Given data:
****
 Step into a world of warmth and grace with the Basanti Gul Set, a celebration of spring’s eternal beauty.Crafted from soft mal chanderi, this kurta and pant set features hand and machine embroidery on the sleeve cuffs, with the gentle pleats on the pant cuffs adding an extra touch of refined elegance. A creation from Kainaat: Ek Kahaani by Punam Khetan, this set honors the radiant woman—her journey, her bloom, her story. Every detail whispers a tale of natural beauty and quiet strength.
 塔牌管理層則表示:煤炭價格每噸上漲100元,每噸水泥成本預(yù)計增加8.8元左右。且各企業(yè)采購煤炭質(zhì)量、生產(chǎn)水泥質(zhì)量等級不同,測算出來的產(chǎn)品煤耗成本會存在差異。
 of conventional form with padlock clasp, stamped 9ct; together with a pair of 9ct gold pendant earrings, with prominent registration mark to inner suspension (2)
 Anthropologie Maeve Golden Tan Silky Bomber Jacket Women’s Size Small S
****
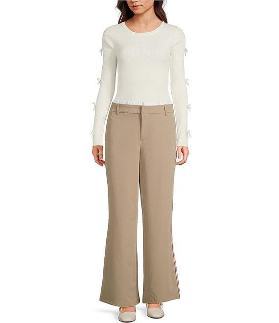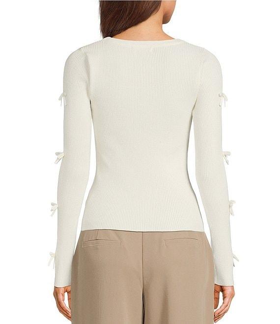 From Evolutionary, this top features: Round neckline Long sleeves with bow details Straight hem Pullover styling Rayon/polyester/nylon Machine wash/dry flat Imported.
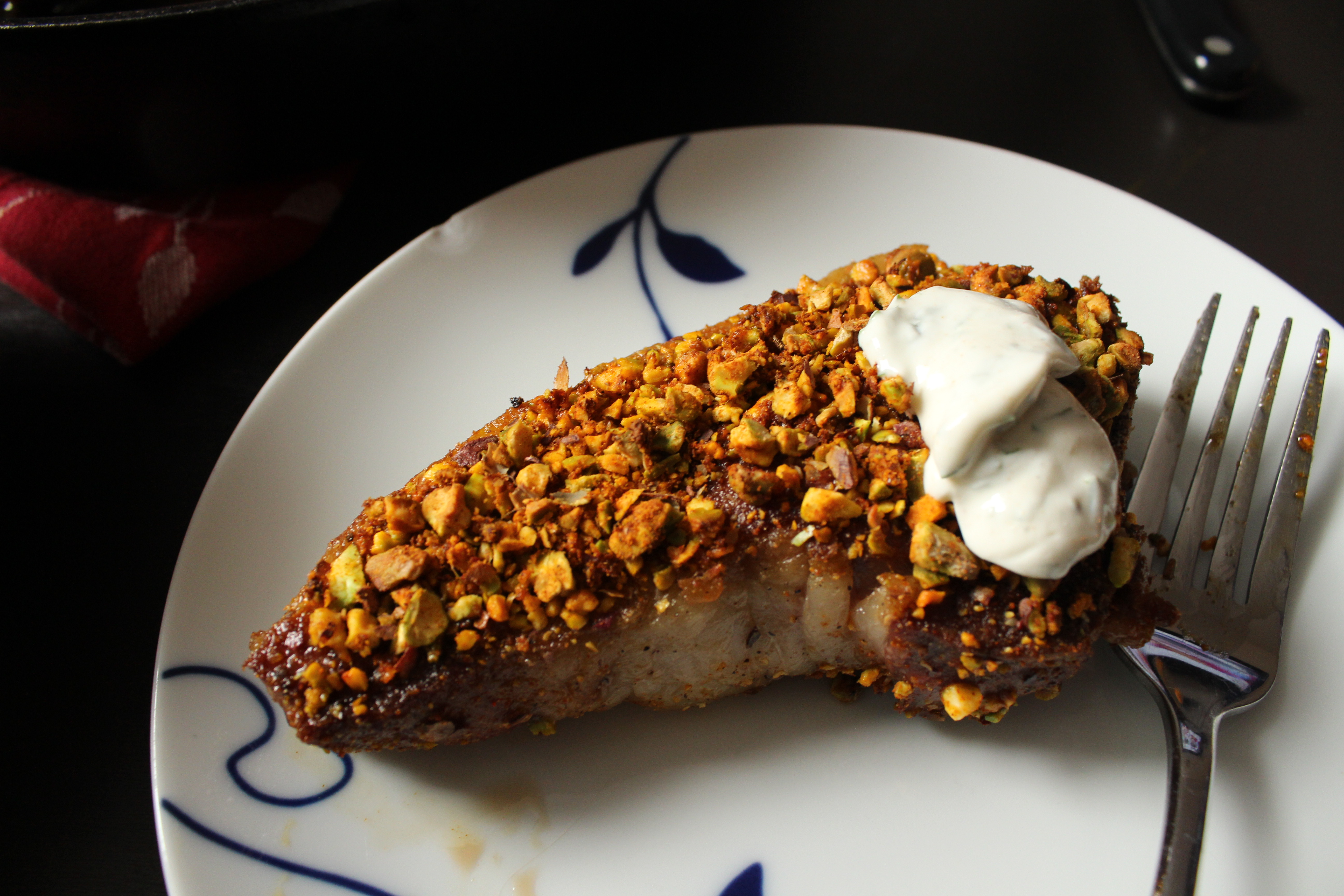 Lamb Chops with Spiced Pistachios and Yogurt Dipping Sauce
****
Your assignment: Go down the entries above from the line containing "From Evolutionary, this" to the line containing "Lamb Chops with" and write out each line exactly, leaving pictures out.

Worked solution:
 From Evolutionary, this top features: Round neckline Long sleeves with bow details Straight hem Pullover styling Rayon/polyester/nylon Machine wash/dry flat Imported.
 Lamb Chops with Spiced Pistachios and Yogurt Dipping Sauce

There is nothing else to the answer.